Sore hari aku mendapat telepon pertama. Ibuku bilang dengan suara tenang kalau dia tak bisa bercerita padaku saat ini: ada laki-laki yang melarangnya. Lalu dia mulai tertawa dan menutup telepon. Awalnya aku bingung. Kupikir dia tengah bercanda, dan menunggu telepon ke dua darinya. Pada akhirnya aku menghabiskan waktu berjam-jam dalam kebingungan, duduk sia-sia di samping telepon. Lewat tengah malam, aku menelepon seorang teman yang berprofesi sebagai polisi: dia sangat baik dan berkata agar aku jangan terlalu cemas, dia yang akan mengurus masalah itu. Tapi malam berlalu tanpa kabar apa pun dari ibuku. Hal yang pasti hanya waktu keberangkatannya: Signora De Riso, tetangga mama, seorang janda seusia ibuku, yang selama lima belas tahun ini bolak balik bertengkar lalu berbaikan lagi, memberi tahu lewat telepon kalau dia yang mengantar ibu ke stasiun.  Ketika ibuku mengantri membeli tiket, perempuan itu membelikannya sebotol minuman dan majalah. Kereta hampir penuh tapi ibuku berhasil mendapat tempat, dekat jendela, berdesak-desakan dalam kompartemen bersama para tentara yang juga berangkat. Mereka berpamitan, dan saling mengingatkan untuk berhati-hati. Dia memakai apa? Seperti biasa: rok biru dan jaket, tas tangan kulit warna hitam yang tua, sepatu bertumit rendah, dan koper pakaian.


Pukul tujuh pagi ibu menelepon lagi. Meski aku melontarkan berbagai pertanyaan (“Kau di mana? Dari mana kau menelepon? Bersama siapa?”), dia malah menjaga jarak, dengan suara meninggi, serangkaian kata cabul dalam dialeknya, menjawab tiap pertanyaanku dengan santai. Lalu dia menutup telepon. Kata-kata kotor itu membuatku tak tenang. Aku menelepon temanku lagi, membuatnya kebingungan dengan campuran bahasa lokal dan Italia. Dia bertanya apa ibuku mengalami depresi belakangan ini. Aku tidak tahu. Memang sikapnya tidak seperti dulu—tenang, memikat dan lemah lembut. Sekarang ibuku suka tertawa tanpa sebab, juga terlalu banyak berbicara; tapi orang tua memang selalu bertingkah begitu. Temanku sependapat: begitu cuaca mulai hangat, orang-orang tua sering melakukan hal-hal aneh; tidak ada yang perlu dikhawatirkan. Tapi aku tetap khawatir, lalu menyusuri kota, mencari tahu tempat-tempat yang sering didatanginya.

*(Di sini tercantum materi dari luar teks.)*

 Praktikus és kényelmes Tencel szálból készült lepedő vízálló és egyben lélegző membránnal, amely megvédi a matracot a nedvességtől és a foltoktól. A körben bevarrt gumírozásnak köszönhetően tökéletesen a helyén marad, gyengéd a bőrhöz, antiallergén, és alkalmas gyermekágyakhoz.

Telepon ke tiga berbunyi pada pukul sepuluh malam. Ibu berbicara tidak keruan tentang laki-laki yang membututinya dan ingin menculiknya terbungkus ambal. Dia memintaku datang secepatnya dan menolongnya. Aku meminta ibuku memberitahu posisinya saat ini. Tapi mendadak dia mengubah nada suaranya, berkata kalau aku lebih baik tidak datang. “Kunci pintumu, jangan buka untuk siapa pun,” nasehatnya padaku. Laki-laki itu akan melukaiku, juga. Lalu dia menambahkan: “Pergilah tidur. Aku mau mandi sekarang.” Itu saja.

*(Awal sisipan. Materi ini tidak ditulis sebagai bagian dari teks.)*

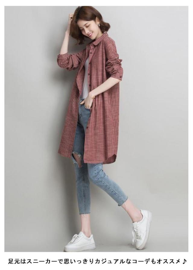 | 羽織としても使えるオーバーサイズボーダーロングシャツ。 気になるヒップラインをきちんとカバーしてくれる丈感なので安心◎ ワンピース風に着ても羽織としても使える2WAYタイプです。ロングシーズンで大活躍。 ゆったりシルエットなので、スキニーと合わせてメリハリのあるスタイルに 足元はスニーカーで思いっきりカジュアルなコーデもオススメ♪ | |
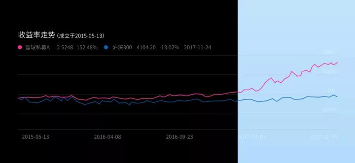 下面的蓝线是沪深300,上面的红线是雪球私募工场的表现比较好的基金,这是2015年5月13号创立的,上一轮牛市的高点附近,到现在这只基金创造了152%的回报,同期的沪深300指数下跌了13.2%。

Dua hari kemudian dua anak laki-laki melihat tubuh ibuku mengambang beberapa yar dari pantai. Dia hanya mengenakan bra. Kopernya tidak ditemukan. Kemeja birunya hilang. Pakaian dalam, kaus kaki, sepatu, tas tangan, dan identitasnya yang lain, juga tak ditemukan. Tapi cincin pertunangan masih melekat di jarinya begitu juga cincin pernikahannya. Anting di telinganya, pemberian ayahku setengah abad yang lalu juga masih ada.

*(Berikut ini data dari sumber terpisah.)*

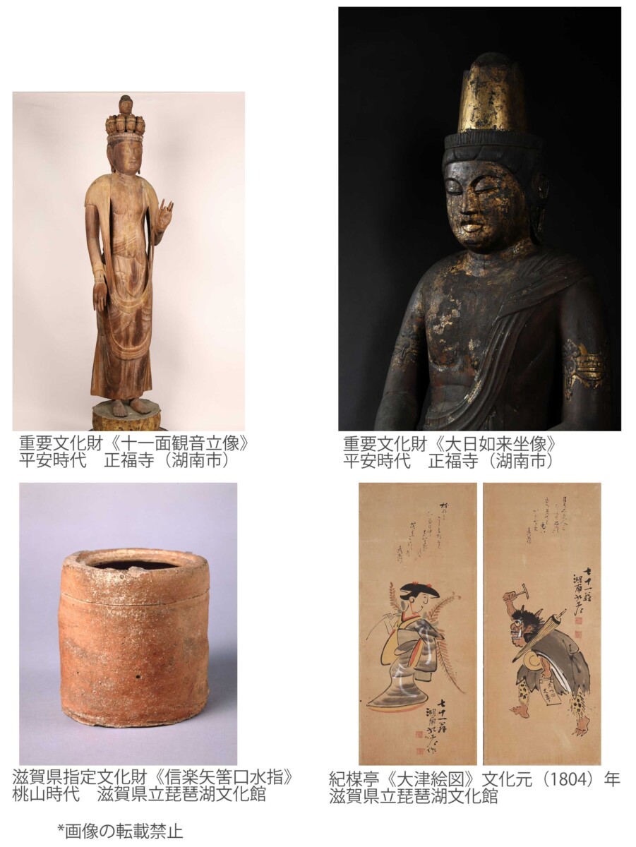 本展では滋賀県立琵琶湖文化館がお預かりしているこれら貴重な文化財の中から、湖南市の名刹正福寺の仏像を中心として、豊かな文化を育んできた滋賀の情景をあらわした作品を滋賀県立美術館のコレクションとともに展示します。

           Aku menatap tubuh yang membiru itu, berpikir lebih baik mengambilnya agar jangan dibawa ke tempat yang tidak kuketahui.  Dia tidak diperkosa. Di tubuhnya hanya ada beberapa memar, itu pun karena hempasan ombak, meski arus kecil, tapi terus menghempas tubuhnya ke bebatuan dalam air sepanjang malam. Kulihat di sekitar matanya sisa-sisa riasan tebal. Aku mengamatinya lama sekali, dengan gelisah, kakinya, kulit coklatnya , juga riasannya yang kelihatan terlalu muda untuk seorang perempuan berusia enam puluh tiga tahun. Dengan kegelisahan yang sama aku tersadar kalau branya yang dipakainya berbeda dari yang biasa. Cupnya terbuat dari renda yang dijahit rapi dan menampakkan bayangan putingnya. Keduanya terjalin dengan tiga sulaman “V”—label toko Neapolitan yang menjual pakaian dalam wanita termahal di kota ini—untuk Vossi bersaudara. Saat bra itu diberikan padaku, bersama anting dan cincinnya, aku mengendusnya lama sekali. Bau kain baru tercium tajam sekali.